Общий подъем освободительного движения на рубеже веков создал условия для развития социальных и политических свобод, но — в границах и пределах российской государственности. Хорошо известно, что даже народническое движение было интернациональным, среди «народников» находились «дети разных народов». Это вписывалось в общую линию конфронтации между властью и обществом: и та и это были многонациональны, поскольку таков один из признаков «империи», точнее Империи. И только евреи создавали свои национальные партии, движения и штурмовые отряды, тем самым нарушая сложившиеся «правила политической игры».

Начались хорошо известные события на Юге России, в том числе и провокации евреев: глумление над государственными (не национально русскими) символами власти, что и в те времена, как сегодня, являлось даже не уголовным, а государственным преступлением. Структурообразующая — русская — нация расценила эти проявления как оскорбление и ответила — взаимное возбуждение привело к насильственным действиям с обеих сторон, и еще неизвестно, с какой из них было больше жертв (сторонники и той и другой стороны сознательно преувеличивают, но есть официальная статистика)!

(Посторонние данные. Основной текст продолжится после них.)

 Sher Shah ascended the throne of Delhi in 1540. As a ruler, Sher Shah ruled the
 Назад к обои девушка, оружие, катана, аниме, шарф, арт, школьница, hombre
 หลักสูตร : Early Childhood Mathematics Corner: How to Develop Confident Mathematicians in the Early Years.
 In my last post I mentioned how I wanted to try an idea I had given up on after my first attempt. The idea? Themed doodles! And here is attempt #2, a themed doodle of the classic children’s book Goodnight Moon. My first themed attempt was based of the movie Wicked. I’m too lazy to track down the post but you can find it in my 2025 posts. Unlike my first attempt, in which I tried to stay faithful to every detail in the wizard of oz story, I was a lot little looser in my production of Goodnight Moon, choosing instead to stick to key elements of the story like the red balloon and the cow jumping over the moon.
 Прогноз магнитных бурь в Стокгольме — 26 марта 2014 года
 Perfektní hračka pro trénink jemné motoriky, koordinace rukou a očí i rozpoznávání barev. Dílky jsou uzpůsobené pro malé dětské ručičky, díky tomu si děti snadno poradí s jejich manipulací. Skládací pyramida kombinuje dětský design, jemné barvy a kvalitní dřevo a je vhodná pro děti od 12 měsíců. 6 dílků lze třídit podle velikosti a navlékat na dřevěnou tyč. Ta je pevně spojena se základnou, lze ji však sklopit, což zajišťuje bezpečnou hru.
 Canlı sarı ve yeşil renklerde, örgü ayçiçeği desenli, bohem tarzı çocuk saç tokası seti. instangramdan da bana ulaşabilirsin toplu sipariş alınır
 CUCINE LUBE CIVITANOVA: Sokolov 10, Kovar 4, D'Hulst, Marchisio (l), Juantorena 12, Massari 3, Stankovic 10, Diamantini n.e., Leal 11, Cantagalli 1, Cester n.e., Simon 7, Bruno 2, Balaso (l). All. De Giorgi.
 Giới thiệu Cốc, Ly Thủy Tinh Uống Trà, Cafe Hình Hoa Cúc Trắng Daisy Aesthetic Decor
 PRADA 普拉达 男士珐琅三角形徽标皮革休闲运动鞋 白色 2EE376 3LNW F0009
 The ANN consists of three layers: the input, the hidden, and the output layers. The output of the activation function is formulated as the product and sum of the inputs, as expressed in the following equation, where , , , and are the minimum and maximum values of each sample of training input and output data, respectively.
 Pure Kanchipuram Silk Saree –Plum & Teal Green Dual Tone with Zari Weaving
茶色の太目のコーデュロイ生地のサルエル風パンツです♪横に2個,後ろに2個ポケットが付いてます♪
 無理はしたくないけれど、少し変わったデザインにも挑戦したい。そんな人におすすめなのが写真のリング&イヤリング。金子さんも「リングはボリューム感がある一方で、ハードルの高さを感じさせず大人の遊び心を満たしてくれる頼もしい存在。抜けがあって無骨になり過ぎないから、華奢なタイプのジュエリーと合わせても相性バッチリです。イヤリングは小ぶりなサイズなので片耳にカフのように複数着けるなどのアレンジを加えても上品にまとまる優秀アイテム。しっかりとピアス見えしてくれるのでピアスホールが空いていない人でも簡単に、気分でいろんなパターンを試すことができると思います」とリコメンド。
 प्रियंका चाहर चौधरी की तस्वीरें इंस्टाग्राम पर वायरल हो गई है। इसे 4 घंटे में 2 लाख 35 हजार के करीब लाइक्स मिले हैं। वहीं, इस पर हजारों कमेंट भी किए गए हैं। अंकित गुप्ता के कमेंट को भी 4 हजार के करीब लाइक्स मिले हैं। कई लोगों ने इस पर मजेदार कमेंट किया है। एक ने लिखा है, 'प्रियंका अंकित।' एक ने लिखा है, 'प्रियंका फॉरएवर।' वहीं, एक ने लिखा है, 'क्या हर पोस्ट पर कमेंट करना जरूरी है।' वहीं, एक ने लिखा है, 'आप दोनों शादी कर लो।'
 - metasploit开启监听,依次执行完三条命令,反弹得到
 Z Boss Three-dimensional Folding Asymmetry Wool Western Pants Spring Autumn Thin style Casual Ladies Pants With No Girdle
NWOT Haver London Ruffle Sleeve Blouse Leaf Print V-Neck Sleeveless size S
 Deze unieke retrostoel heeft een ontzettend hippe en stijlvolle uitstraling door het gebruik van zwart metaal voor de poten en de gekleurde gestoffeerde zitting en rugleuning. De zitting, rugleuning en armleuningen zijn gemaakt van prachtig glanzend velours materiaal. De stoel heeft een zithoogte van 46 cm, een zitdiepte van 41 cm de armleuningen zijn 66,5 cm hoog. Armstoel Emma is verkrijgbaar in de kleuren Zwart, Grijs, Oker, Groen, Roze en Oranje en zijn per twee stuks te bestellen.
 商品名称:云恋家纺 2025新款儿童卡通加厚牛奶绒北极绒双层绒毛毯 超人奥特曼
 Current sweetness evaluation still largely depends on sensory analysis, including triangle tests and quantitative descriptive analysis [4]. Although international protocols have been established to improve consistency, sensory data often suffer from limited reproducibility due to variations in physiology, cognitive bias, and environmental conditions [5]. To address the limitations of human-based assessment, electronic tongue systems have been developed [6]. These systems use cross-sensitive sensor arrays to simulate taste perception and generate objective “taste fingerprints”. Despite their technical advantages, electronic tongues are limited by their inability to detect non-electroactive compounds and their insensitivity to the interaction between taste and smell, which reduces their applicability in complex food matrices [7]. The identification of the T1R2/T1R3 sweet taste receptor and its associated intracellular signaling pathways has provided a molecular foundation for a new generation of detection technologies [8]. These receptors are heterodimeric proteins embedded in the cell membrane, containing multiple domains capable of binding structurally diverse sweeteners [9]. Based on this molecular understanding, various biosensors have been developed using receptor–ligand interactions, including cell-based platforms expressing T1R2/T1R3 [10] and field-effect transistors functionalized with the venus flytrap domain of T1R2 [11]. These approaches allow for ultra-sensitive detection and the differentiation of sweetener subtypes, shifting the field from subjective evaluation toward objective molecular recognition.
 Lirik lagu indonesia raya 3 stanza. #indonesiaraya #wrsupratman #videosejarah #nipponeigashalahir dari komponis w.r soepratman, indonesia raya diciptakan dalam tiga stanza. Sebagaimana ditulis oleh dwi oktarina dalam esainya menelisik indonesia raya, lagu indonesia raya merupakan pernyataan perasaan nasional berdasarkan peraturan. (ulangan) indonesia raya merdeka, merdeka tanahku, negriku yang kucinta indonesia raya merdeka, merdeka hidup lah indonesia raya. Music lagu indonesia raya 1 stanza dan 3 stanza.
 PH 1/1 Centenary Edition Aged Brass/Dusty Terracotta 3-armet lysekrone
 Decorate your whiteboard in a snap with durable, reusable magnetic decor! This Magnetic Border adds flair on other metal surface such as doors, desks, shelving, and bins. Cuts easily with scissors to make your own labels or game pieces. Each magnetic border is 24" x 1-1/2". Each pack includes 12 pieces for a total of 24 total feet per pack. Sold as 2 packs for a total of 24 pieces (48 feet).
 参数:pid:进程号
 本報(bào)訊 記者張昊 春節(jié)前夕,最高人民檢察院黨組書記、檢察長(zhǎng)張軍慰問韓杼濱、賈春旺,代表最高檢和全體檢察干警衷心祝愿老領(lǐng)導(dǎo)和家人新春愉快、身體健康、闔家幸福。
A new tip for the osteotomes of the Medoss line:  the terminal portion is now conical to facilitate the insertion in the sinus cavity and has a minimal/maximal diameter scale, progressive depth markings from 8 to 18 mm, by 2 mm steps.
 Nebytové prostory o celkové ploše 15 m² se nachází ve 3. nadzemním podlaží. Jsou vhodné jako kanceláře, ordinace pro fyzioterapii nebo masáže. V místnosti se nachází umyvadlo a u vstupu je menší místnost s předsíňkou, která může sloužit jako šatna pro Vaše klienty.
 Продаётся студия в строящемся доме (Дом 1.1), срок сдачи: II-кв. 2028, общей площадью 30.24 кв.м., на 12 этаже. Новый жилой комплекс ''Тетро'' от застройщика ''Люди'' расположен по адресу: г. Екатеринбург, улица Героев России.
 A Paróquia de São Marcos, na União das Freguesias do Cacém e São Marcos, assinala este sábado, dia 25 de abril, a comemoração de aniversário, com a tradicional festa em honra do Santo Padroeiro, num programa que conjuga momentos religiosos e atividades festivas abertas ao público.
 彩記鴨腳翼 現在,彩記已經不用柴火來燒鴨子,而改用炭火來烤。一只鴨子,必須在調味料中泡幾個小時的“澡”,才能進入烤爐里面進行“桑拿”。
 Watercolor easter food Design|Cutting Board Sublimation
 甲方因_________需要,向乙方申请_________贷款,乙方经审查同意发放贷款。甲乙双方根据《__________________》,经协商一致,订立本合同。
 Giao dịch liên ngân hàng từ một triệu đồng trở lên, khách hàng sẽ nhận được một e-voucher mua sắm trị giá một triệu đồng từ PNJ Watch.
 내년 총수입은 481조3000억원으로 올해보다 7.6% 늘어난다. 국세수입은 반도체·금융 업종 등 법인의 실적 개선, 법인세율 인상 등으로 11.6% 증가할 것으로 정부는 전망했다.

Можно понять евреев: власть ослабла — следует ее взять. Еврей считает, что живет в условиях «плена египетского», если не правит сам, а всего лишь свободен до степени, в какой пребывают все вокруг. Для него отсутствие власти и мощи — это рабство и плен.

Но вернемся к причинным связям.

Условия налицо — и они равны для всех. Но причины нет, потому что причина — вещь особенная, исключительная, всегда субъективно своя. Для евреев это русский погром, для русских — нарушение всех условий со стороны провокатора. Бесовство. Бесы тешатся, своим самоволием врываясь в цельный порядок дел, как повелось — в органическом прорастании жизни.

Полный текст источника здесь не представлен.